Auch am Donnerstag waren die Feuerwehren wegen des Unwetters gefordert. In Oberwart wurde eine Garage geflutet, in Steinberg-Dörfl brach die von allen geschätzte Linde wegen des Sturms in zwei Teile.
Nach den schweren Unwettern der vergangenen Tage erwischte es das Südburgenland am Donnerstag noch einmal. So musste etwa die Stadtfeuerwehr Oberwart ausrücken, um eine geflutete Tiefgarage im Zentrum auszupumpen. Das Vorhaben glückte binnen einer Stunde.
Nicht reparabel ist wiederum ein Schaden, der in Steinberg-Dörfl im Bezirk Oberpullendorf entstanden ist. Die Marktgemeinde wurde nämlich ihres Wahrzeichens beraubt! Die Sturmböen brachten die mehr als 100 Jahre alte Linde zu Fall, die nahe dem Sportplatz aufgrund ihres gleichmäßigen Wuchses und ihrer stattlichen Erscheinung nicht nur ein Blickfang gewesen war.

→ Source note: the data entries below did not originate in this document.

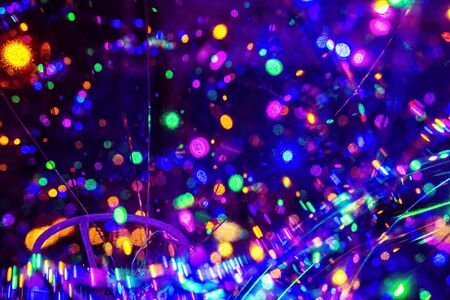 Abstract background of colorful lines in motion on black. Bokeh of defocused splashes, blurred red and blue neon leds, fireworks and salute, space and sky backdrop
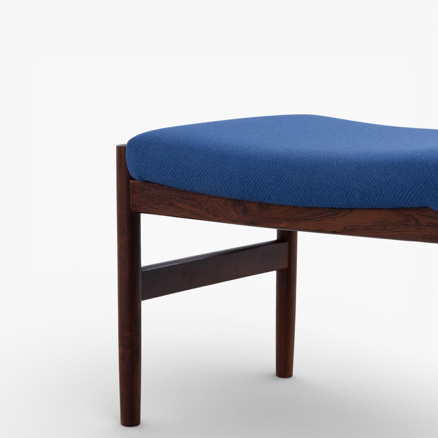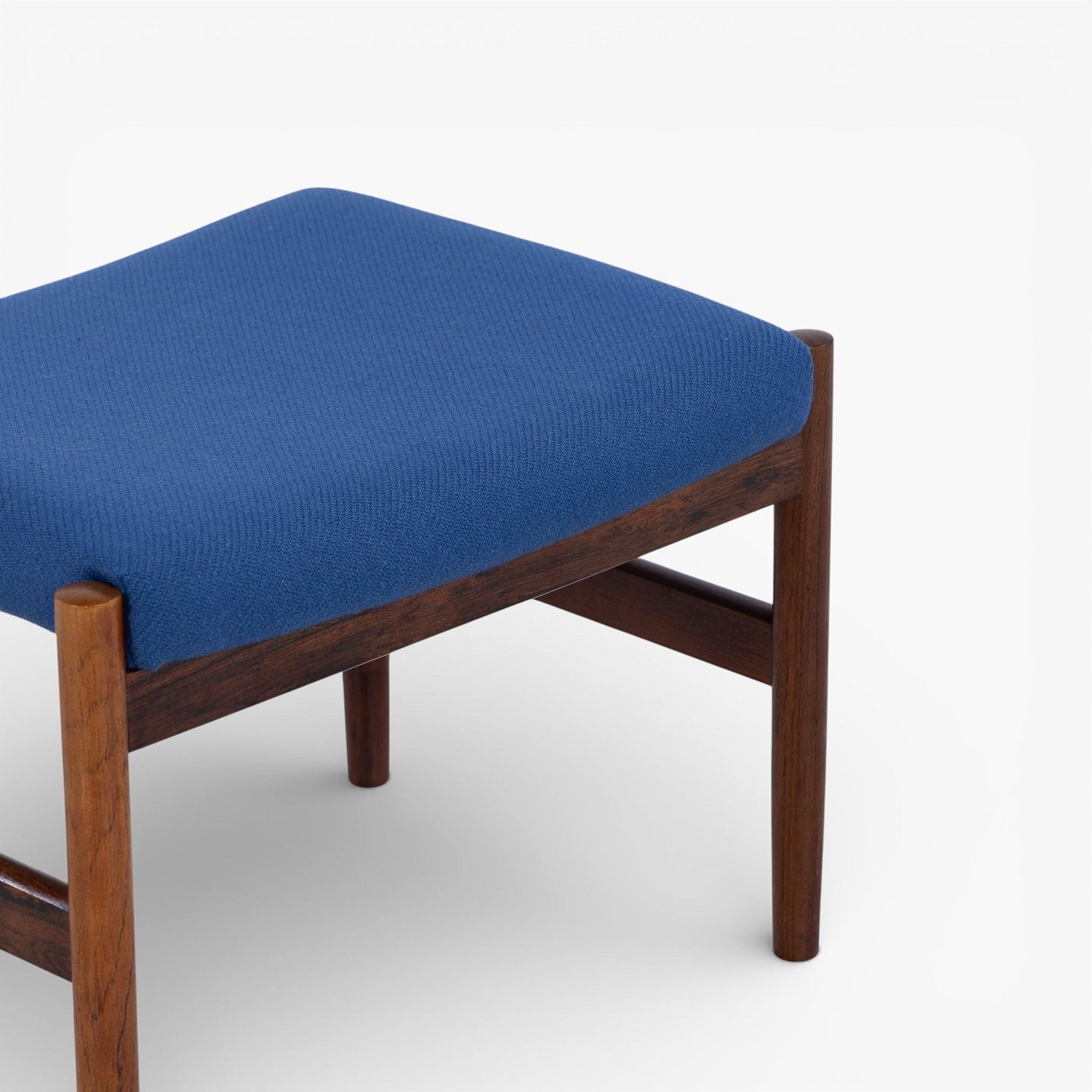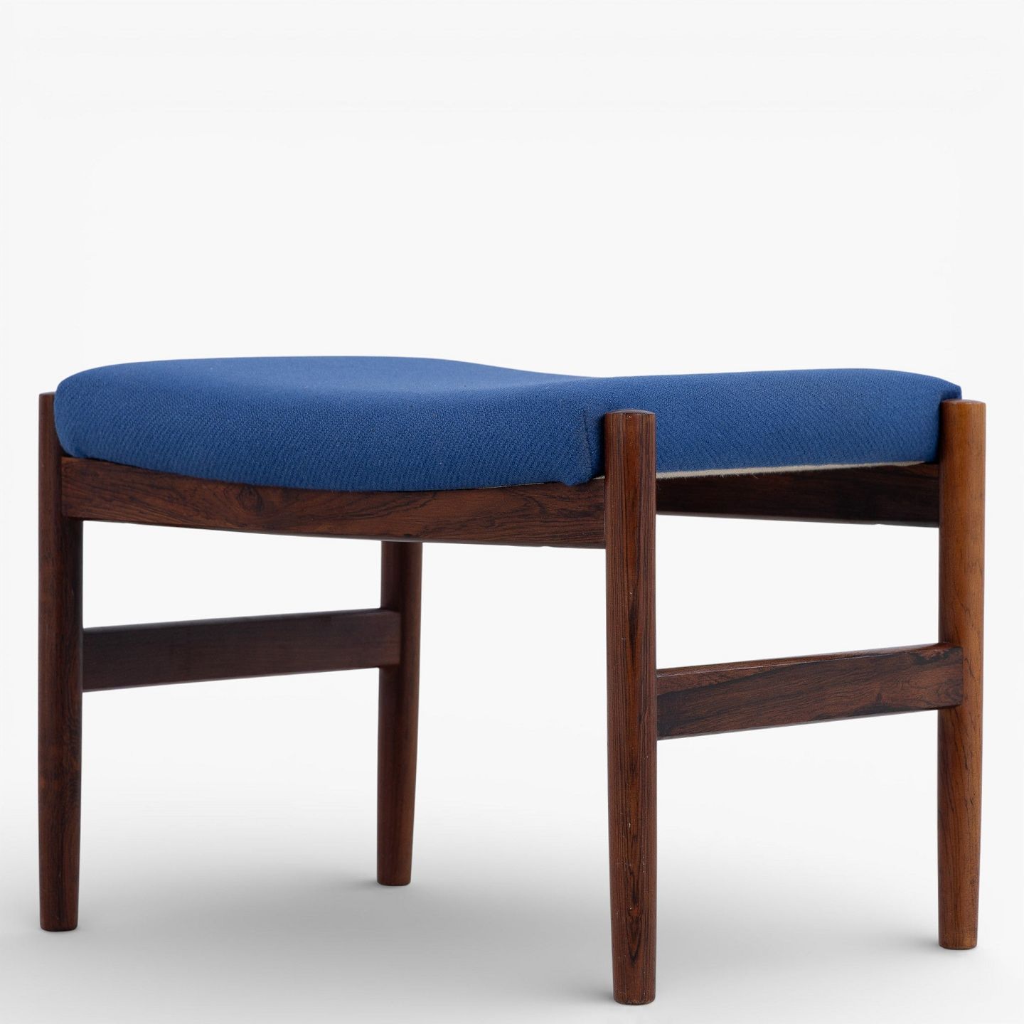 Footstool in patinated rosewood upholstered in blue wool.
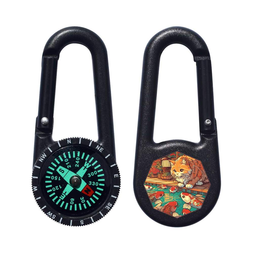 'Anime Cat With Fish Pond' Compass Keyring (KC00035046)
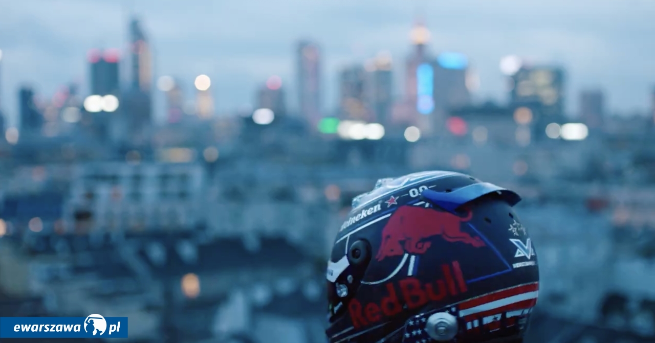 Mistrz świata Formuły 1 reklamuje swój kask... na tle Warszawy

„In ihrem Schatten spielten mehrere Generationen von Kindern. Die Linde war beliebter Treffpunkt für Jugendliche und Senioren, die sich dort zum Nachmittagsplauscherl trafen“, erinnert sich ein Anrainer. Als die Überreste des Baumes entfernt wurden, zerdrückte so mach Einheimischer ein Tränchen.
Gestern hatte sich die Wetterlage im Burgenland weitgehend beruhigt, die gröbsten Aufräumarbeiten nach den Unwettern waren von den Feuerwehren erledigt. Endlich Zeit für die meisten der vielen Freiwilligen, eine Nacht durchzuschlafen.